Black Lives Matter sculpture replaces slave trader statue on plinth in Bristol

15 July 2020, 09:33 | Updated: 15 July 2020, 11:43

The statue of BLM protester Jen Reid on the plinth in Bristol
The statue of BLM protester Jen Reid on the plinth in Bristol. Picture: PA

By Asher McShane

A sculpture of a Black Lives Matter protester has been put up on the plinth in Bristol where the statue of slave trader Edward Colston used to stand.

Artist Marc Quinn created the black and resin steel piece of protester Jen Reid, who was photographed standing on the empty plinth after the Colston statue was toppled.

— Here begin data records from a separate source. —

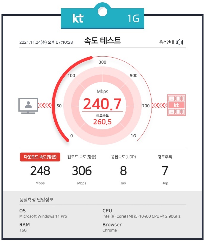다운로드 248Mbps, 업로드 306Mbps 의 인터넷 속도를 보여줍니다.
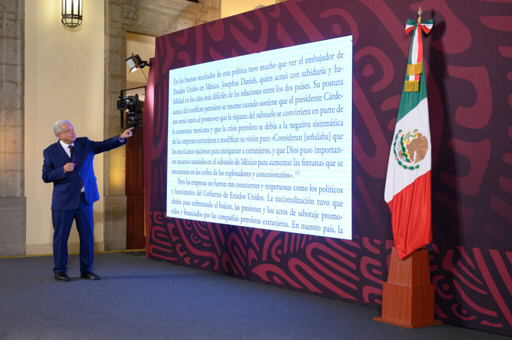 “Esto es un asunto de los mexicanos y se está resolviendo en las instituciones de nuestro país y ahí le andan buscando la forma, dándole la vuelta, se andan por las ramas diciendo: ‘no, es que como hay un tratado comercial nos podemos meter’. No. Si el tratado no es para que nosotros cedamos nuestra soberanía; el tratado es comercial, es para tener una muy buena relación económica-comercial que nos conviene a las dos naciones, pero no es para que México se convierta en un apéndice, en una colonia, en un Estado asociado”, remarcó.
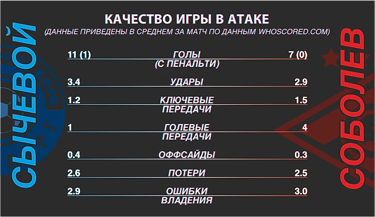 Объясняется эта ситуация, естественно, игровыми задачами и позицией — Сычевой играет на той же позиции, где бегает мертвый Николсон, а мертвый Николсон там бегает из-за отсутствия Мозеса и Бальде (и еще из-за пока необъяснимого недоверия Зиньковскому). К примеру, тот же сайт КтоЗабил.кому (WhoScored.com) утверждает, что Соболев и Сычевой чуть менее, чем полностью идентичны по статистике: один чуть больше бьет, другой чуть больше пасует, одинаково теряют мячи и попадают в оффсайды. Тут снова будет табличка.
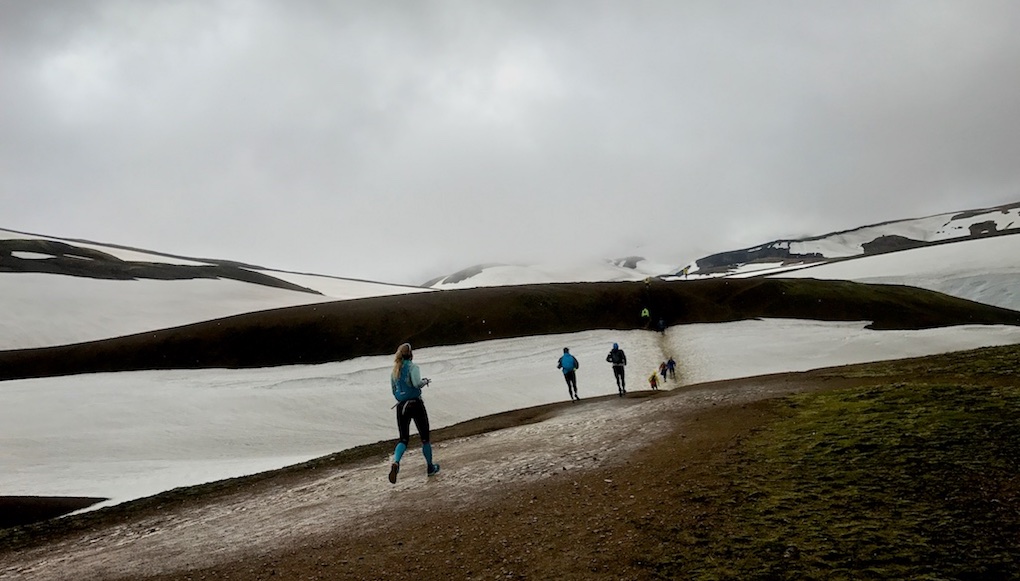 La mattina del primo giorno sono uscito dalla mia tenda a Landmannalaugar (con sensi di colpa da Runner a palla) e ho visto qualche centinaio di persone, vestite da corsa… nel bel mezzo del niente islandese. Pronte a correre una ultra maratona (esattamente una 55k) sullo stesso identico percorso su cui avrei camminato nei 4 giorni successivi. “Mi prendete in giro? Voi pazzi, folli, maniaci, fuori di testa…” ho pensato amorevolmente tra me e me. E ancora “55 chilometri di salite, neve, guadi, aree vulcaniche. Io non sarò mai, MAI, così pazzo”.
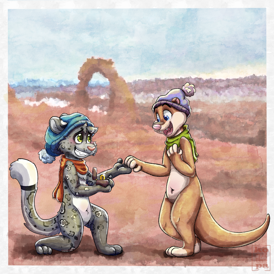 hi, commission finished for @AndySnowLeopard, I hope you like it very much. "Umm .. do you .. want .. marry me?" a beautiful way to ask for marriage. It is mega cute. thank you all for your support. If you like my work you can help by sharing. https://twitter.com/kopaOkami/status/138387666348254003...

The sculpture, entitled A Surge of Power (Jen Reid), was erected in the early hours of today by the artist's team without the knowledge of Bristol City council.

READ MORE: Slave trader statue toppled by protesters

Mayor Marvin Rees previously said any decision on how the plinth should be used would be decided democratically.

After the sculpture was installed, Mrs Reid stood in front of it with her fist in the air.

"It's just incredible," she told the Guardian.

"This is going to continue the conversation. I can't see it coming down in a hurry."

Marvin Rees, Mayor of Bristol said: "My relentless commitment is to build a city for all Bristiolians, with all our differences.

Jen Reid stands next to the new statue in Bristol
Jen Reid stands next to the new statue in Bristol. Picture: PA

"To this end, the future of the plinth and what is installed on it must be decided by the people of Bristol.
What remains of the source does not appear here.